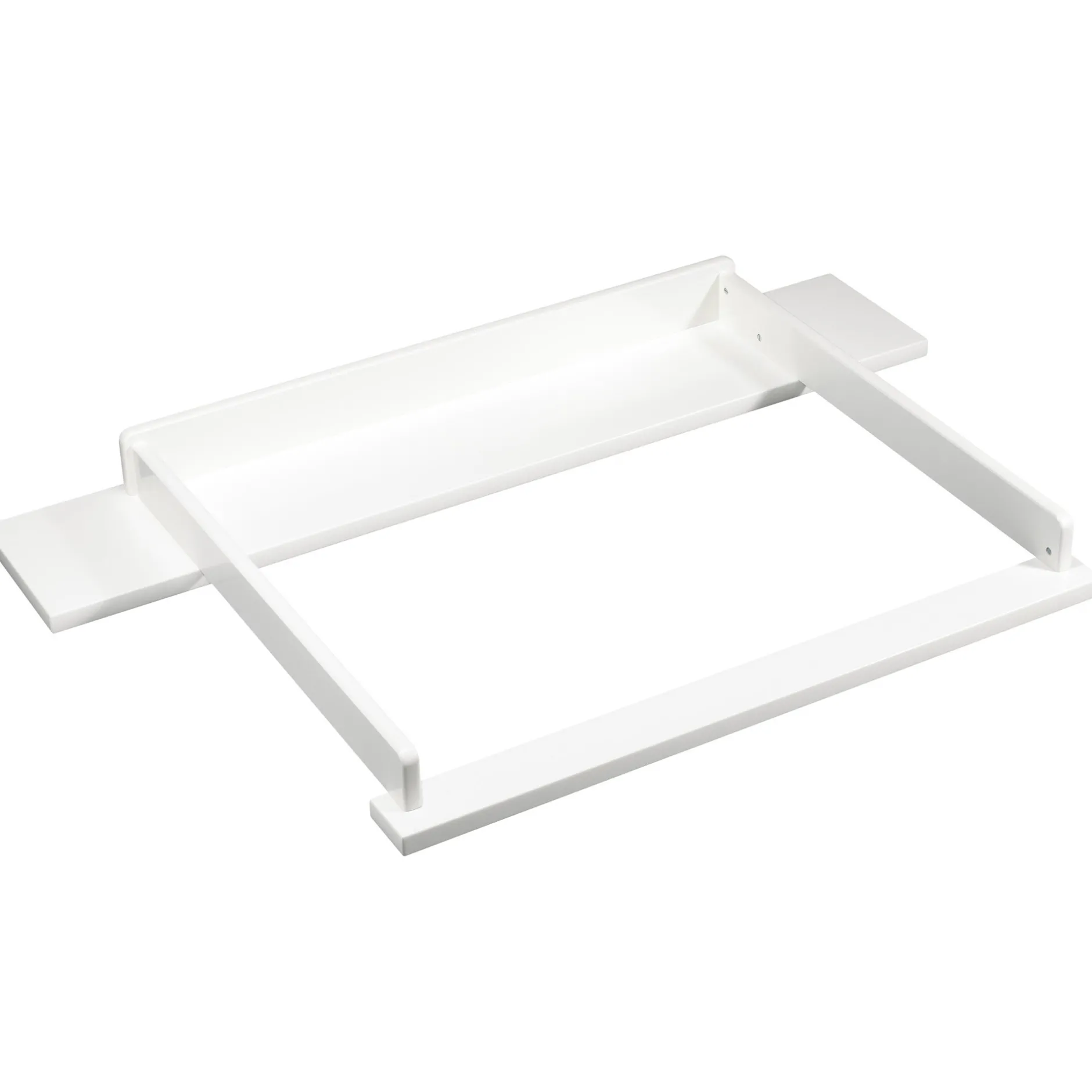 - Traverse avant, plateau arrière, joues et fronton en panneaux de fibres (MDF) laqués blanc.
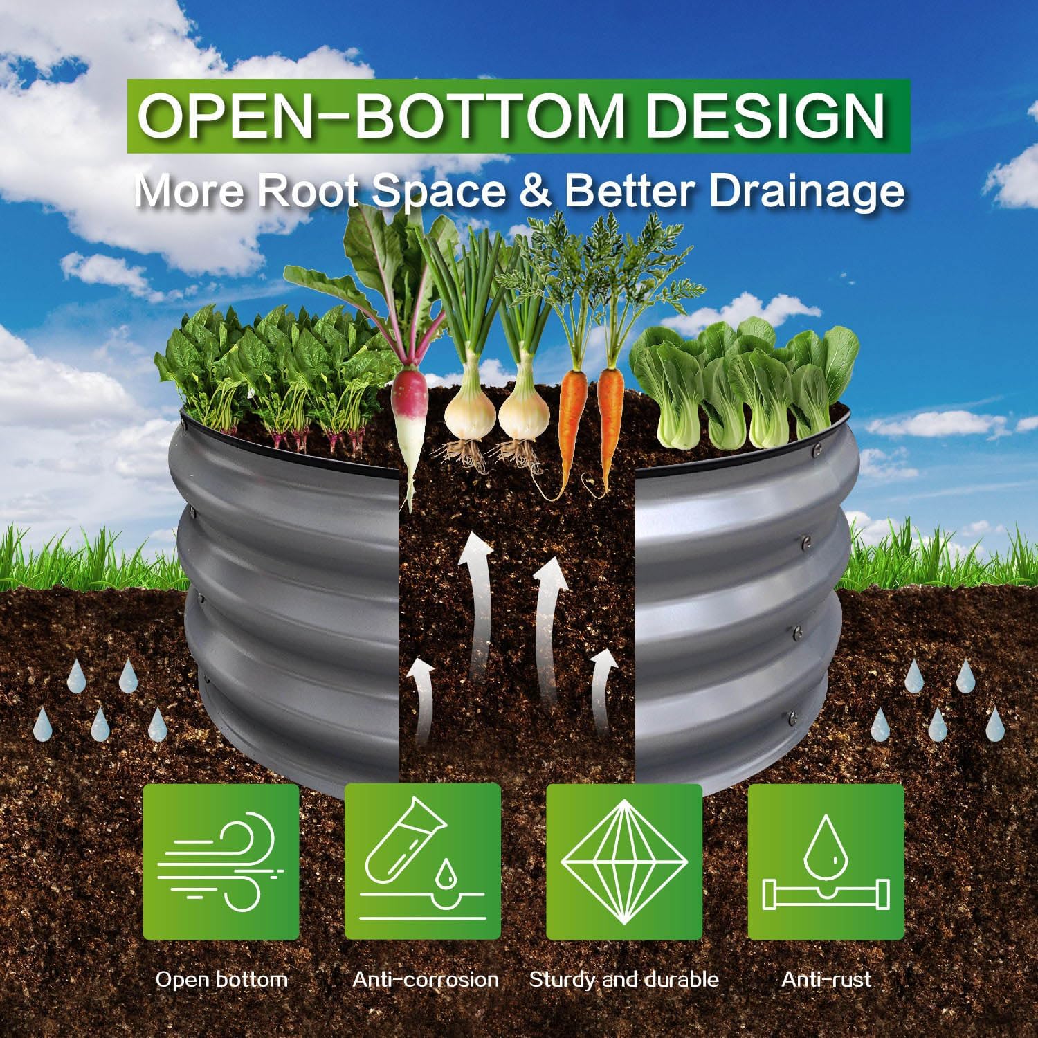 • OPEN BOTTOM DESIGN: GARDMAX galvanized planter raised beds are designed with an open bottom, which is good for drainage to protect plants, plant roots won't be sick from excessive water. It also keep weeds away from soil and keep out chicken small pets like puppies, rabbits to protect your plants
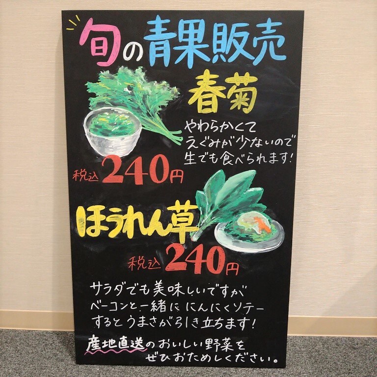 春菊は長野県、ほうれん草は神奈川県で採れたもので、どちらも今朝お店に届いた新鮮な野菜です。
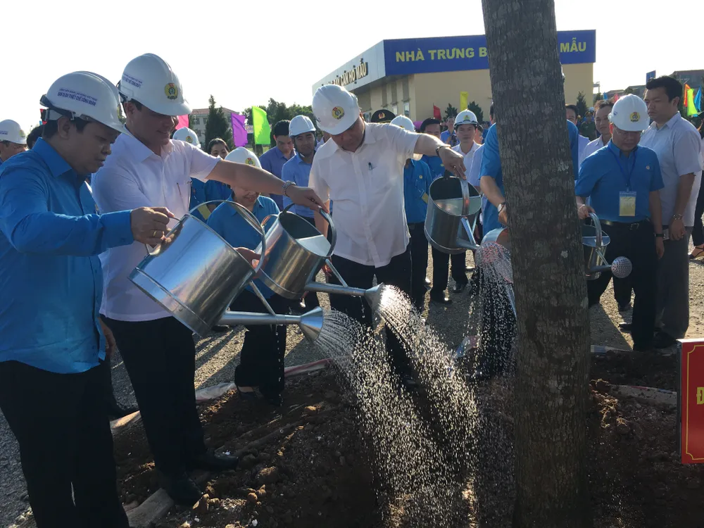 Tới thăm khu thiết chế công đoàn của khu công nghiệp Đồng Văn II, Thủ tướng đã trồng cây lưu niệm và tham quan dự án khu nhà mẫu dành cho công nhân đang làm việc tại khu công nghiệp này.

-*-*-

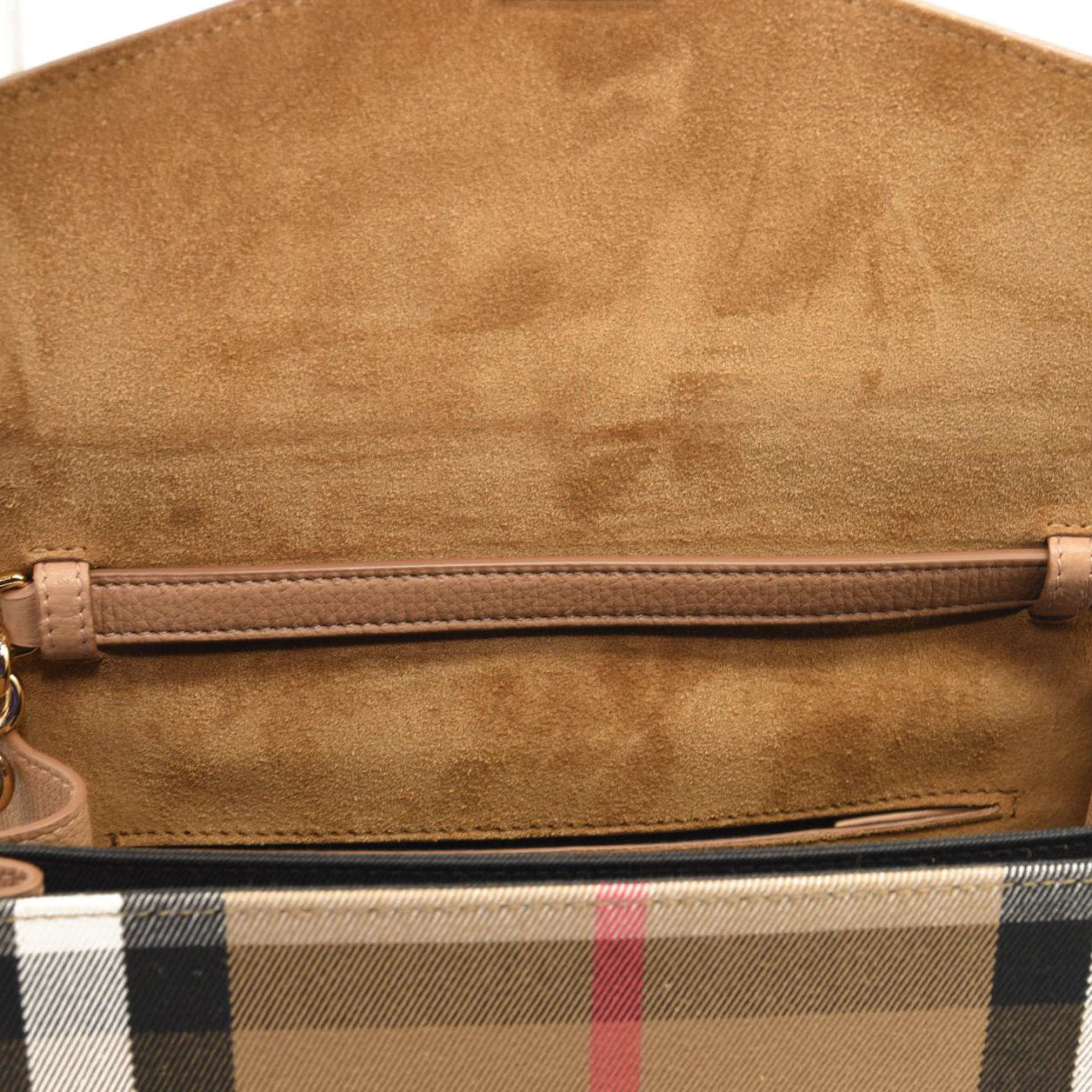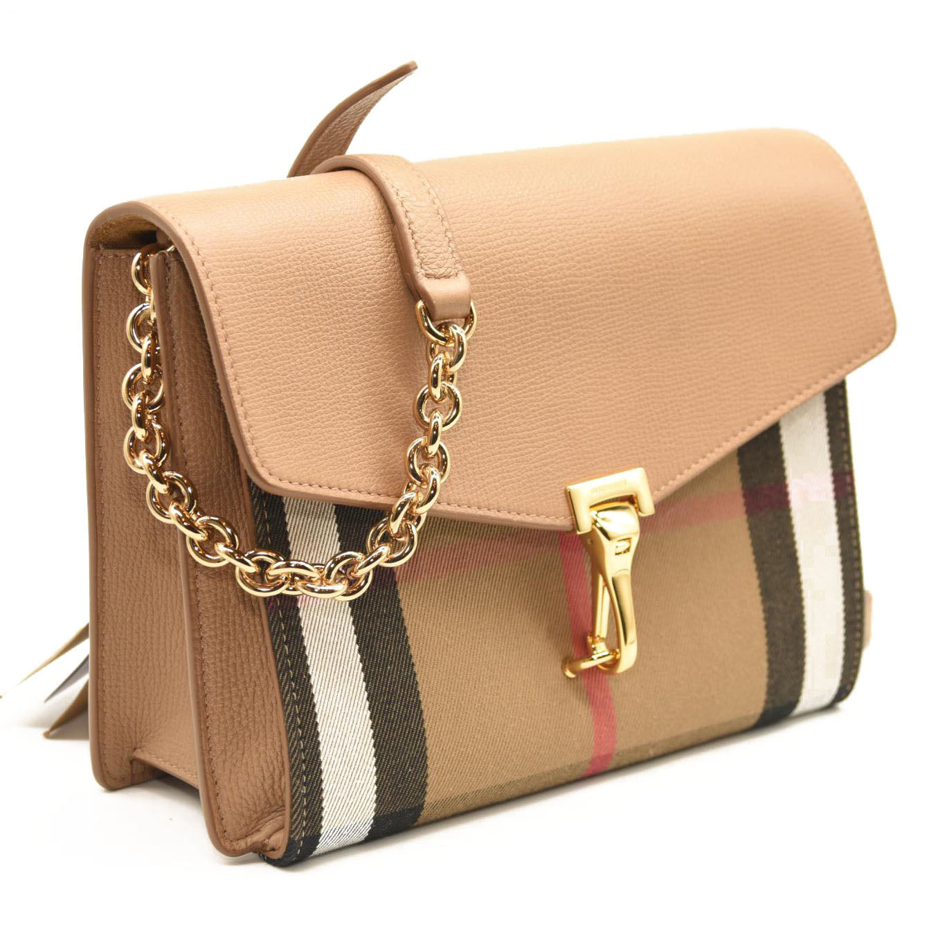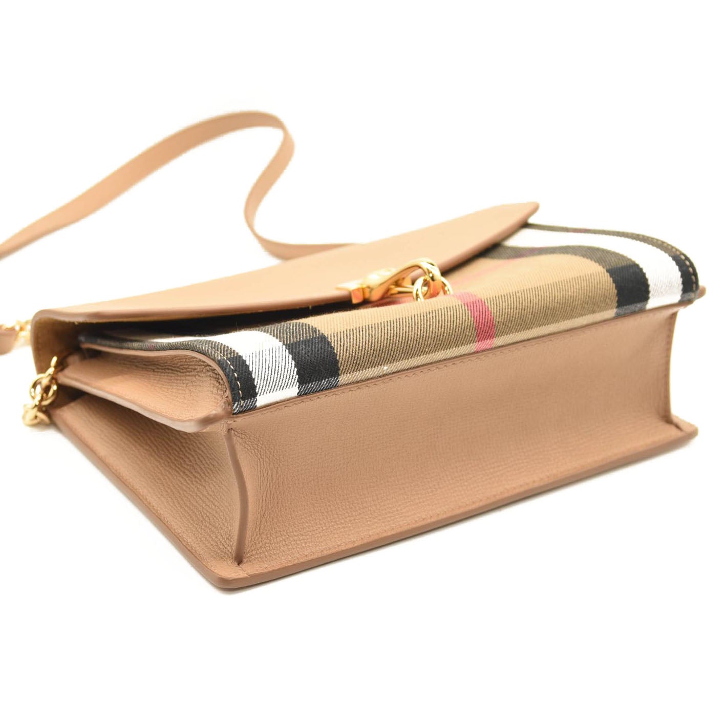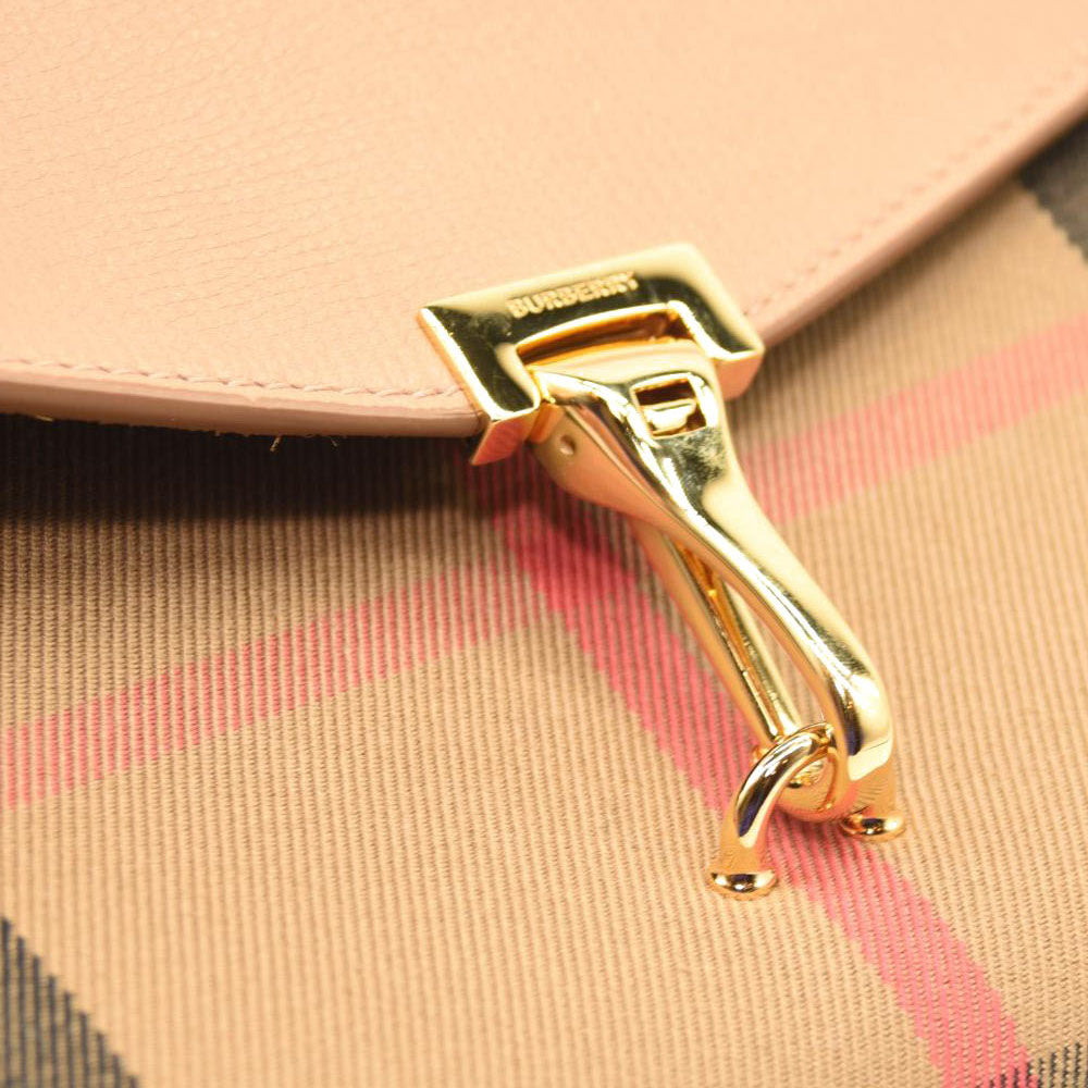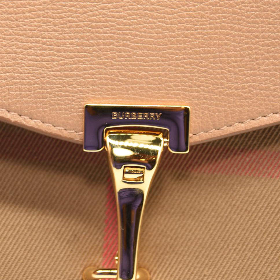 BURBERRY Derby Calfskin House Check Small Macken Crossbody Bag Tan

-*-*-

- _WHAT THIS TASK INVOLVES_
Using the listing above, reproduce word for word every line from the one containing "春菊は長野県、ほうれん草は神" through the one containing "Tới thăm khu". Pictures must be left out.

- _SOLUTION BELOW_
 春菊は長野県、ほうれん草は神奈川県で採れたもので、どちらも今朝お店に届いた新鮮な野菜です。
 Tới thăm khu thiết chế công đoàn của khu công nghiệp Đồng Văn II, Thủ tướng đã trồng cây lưu niệm và tham quan dự án khu nhà mẫu dành cho công nhân đang làm việc tại khu công nghiệp này.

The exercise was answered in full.